Work required
Only the lines from the beginning of the data through the one with "Chiến dịch Xuân" belong in the answer, each retyped exactly, with pictures left out.

══ Input data ══

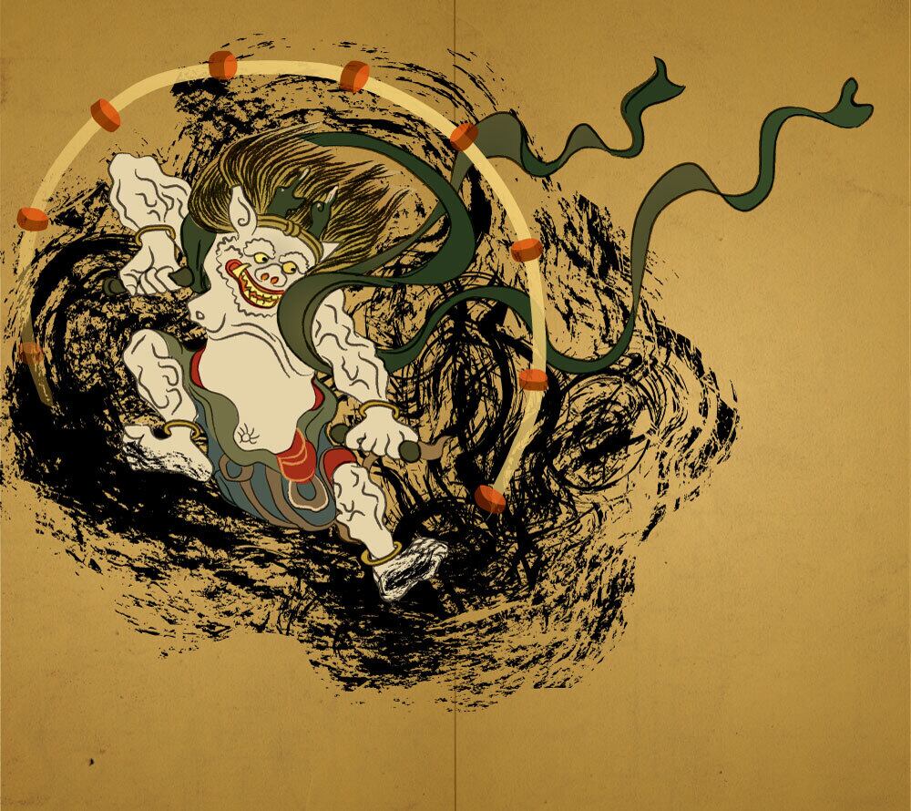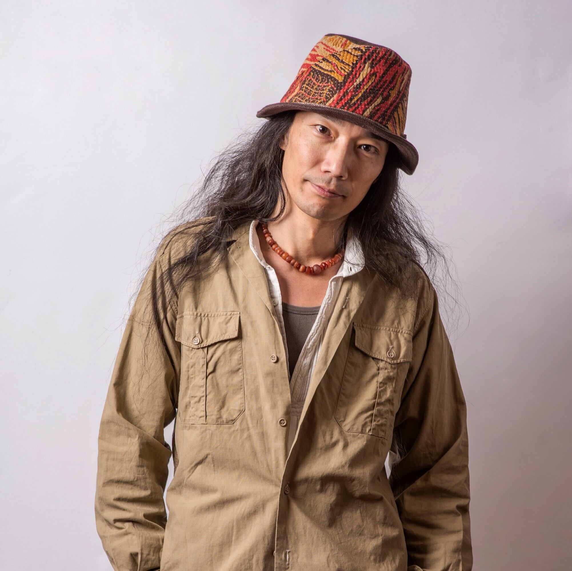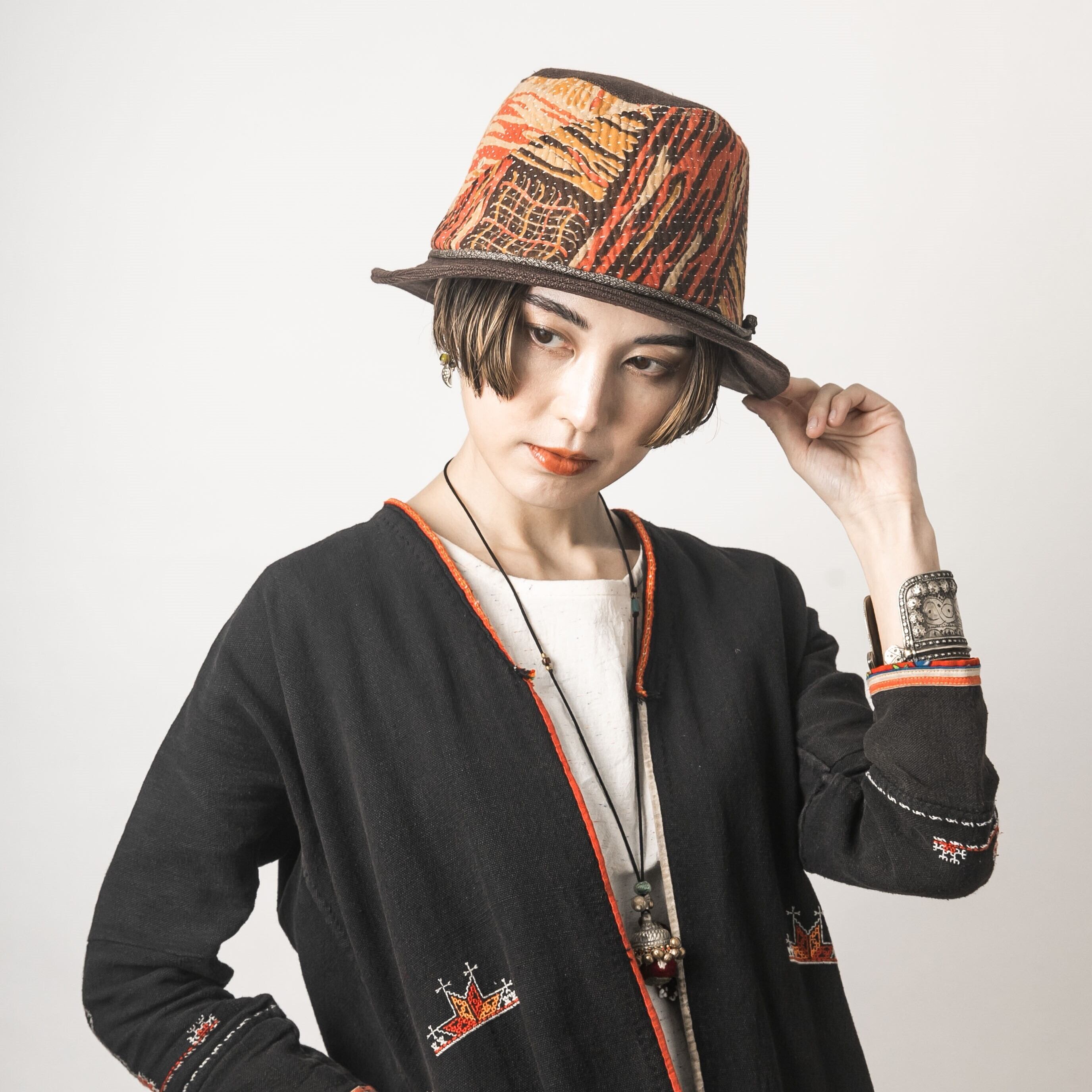 稲妻をイメージし、インドの伝統布ラリーキルトと大島紬で作ったハット『雷神』DarkBrown
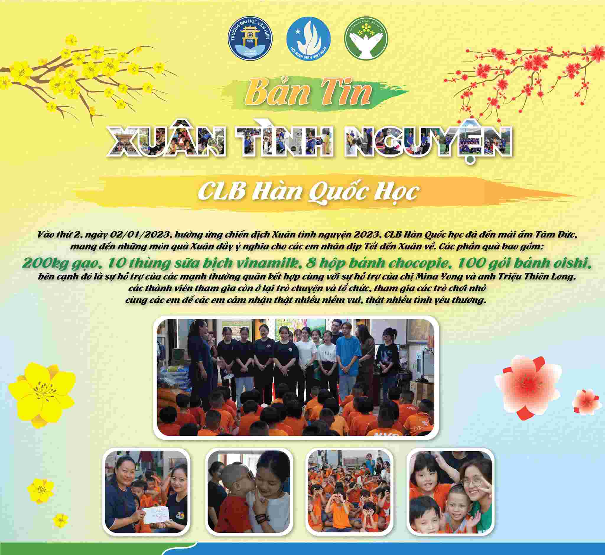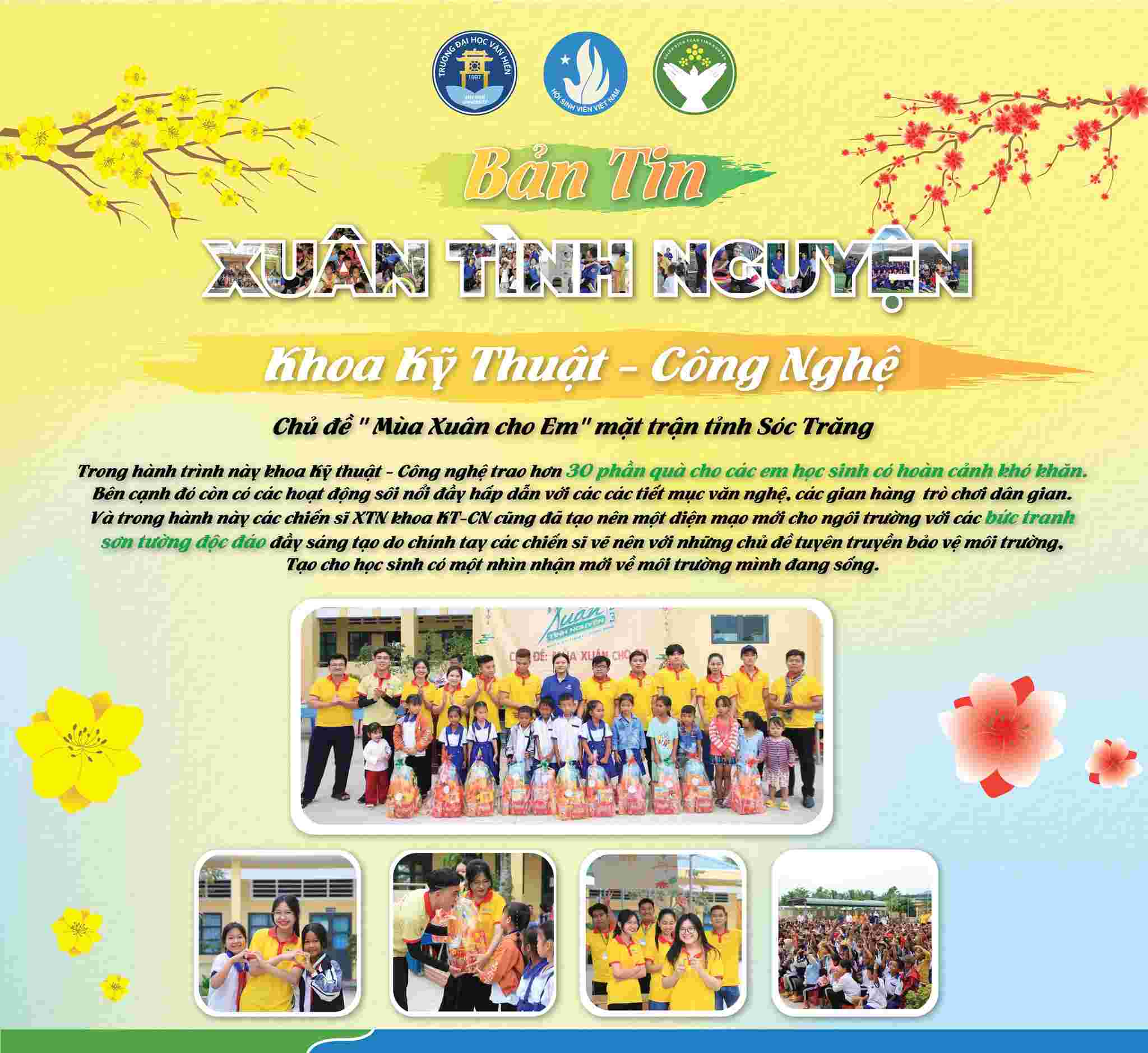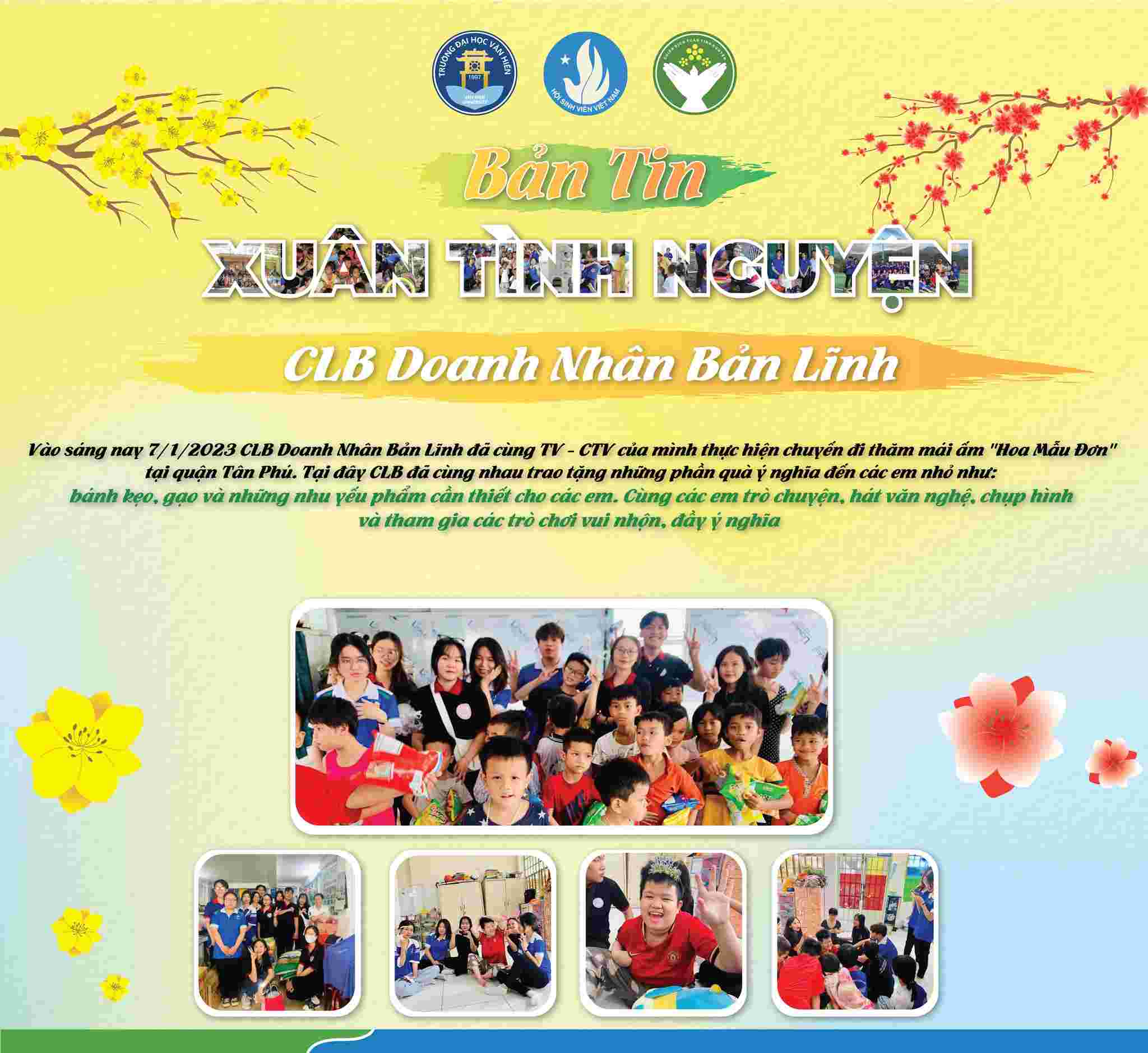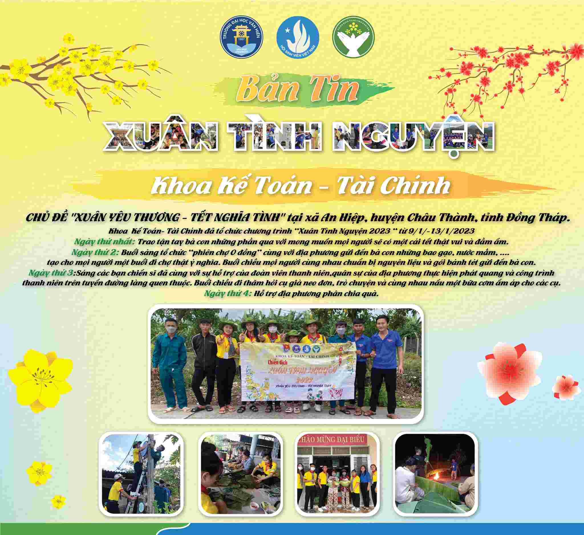 Chiến dịch Xuân Tình nguyện lần thứ 15 - năm 2023 đã khép lại với rất nhiều hoạt động cộng đồng nhằm lan tỏa yêu thương, khơi dậy và phát huy tinh thần tình nguyện của đoàn viên, thanh niên trường Đại học Văn Hiến, mang đến cho các em thiếu nhi có hoàn cảnh khó khăn, trẻ em khuyết tật, mồ côi tại các mái ấm, nhà mở, thăm hỏi Mẹ Việt Nam Anh Hùng, các gia đình chính sách, các chiến sĩ lực lượng vũ trang, học sinh, sinh viên không có điều kiện về quê đón tết, cải tạo không gian xanh và đặc biệt là xây dựng và trao tặng nhiều sân chơi thiếu nhi.
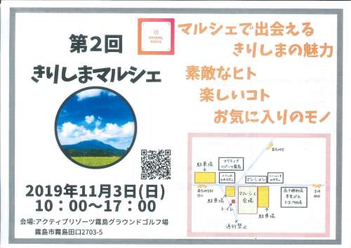 11月3日(日曜日)に「きりしま マルシェ」が開催されました。 昨年の出店舗數は約50店でしたが、今回は約倍の109店舗が出店しました。 遊びに來られるお客様が多いことから、當社グループの「Active RESORS霧島(ホテル)」の西館駐車場と観光バス置き場の広場も解放しご利用頂きました。 朝の早い時間にも関わらず、駐車場は満車に近い狀態となりました。 今年も天候に恵まれ、時間を追うごとに來場されるお客様が多くなり會場は大変な賑わいでした。 霧島高千穂リゾートランド(高原の別荘地)のオーナー様も遊びにお越しになられていました。 これからも、毎年の恒例行事の一つとして開催されることでしょう。 また、この日は、鹿児島県內の各地で沢山のお祭りやイベントが開催されていました。鹿児島市內では「南九州最大のお祭り?おはら祭り」も開催されていました。
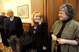 Newly elected Lewiston Ward 4 City Councilor Doreen Christ, center, visits with Dottie Perham-Whittier, right, Lewiston’s community relations coordinator, during a reception that followed a swearing-in ceremony in council chambers Wednesday. Christ won the Ward 4 seat in a special election held Tuesday. She will take her seat at the Feb. 14 council meeting. At left is Lewiston City Administrator Ed Barrett.

═══

Response to the exercise
 稲妻をイメージし、インドの伝統布ラリーキルトと大島紬で作ったハット『雷神』DarkBrown
 Chiến dịch Xuân Tình nguyện lần thứ 15 - năm 2023 đã khép lại với rất nhiều hoạt động cộng đồng nhằm lan tỏa yêu thương, khơi dậy và phát huy tinh thần tình nguyện của đoàn viên, thanh niên trường Đại học Văn Hiến, mang đến cho các em thiếu nhi có hoàn cảnh khó khăn, trẻ em khuyết tật, mồ côi tại các mái ấm, nhà mở, thăm hỏi Mẹ Việt Nam Anh Hùng, các gia đình chính sách, các chiến sĩ lực lượng vũ trang, học sinh, sinh viên không có điều kiện về quê đón tết, cải tạo không gian xanh và đặc biệt là xây dựng và trao tặng nhiều sân chơi thiếu nhi.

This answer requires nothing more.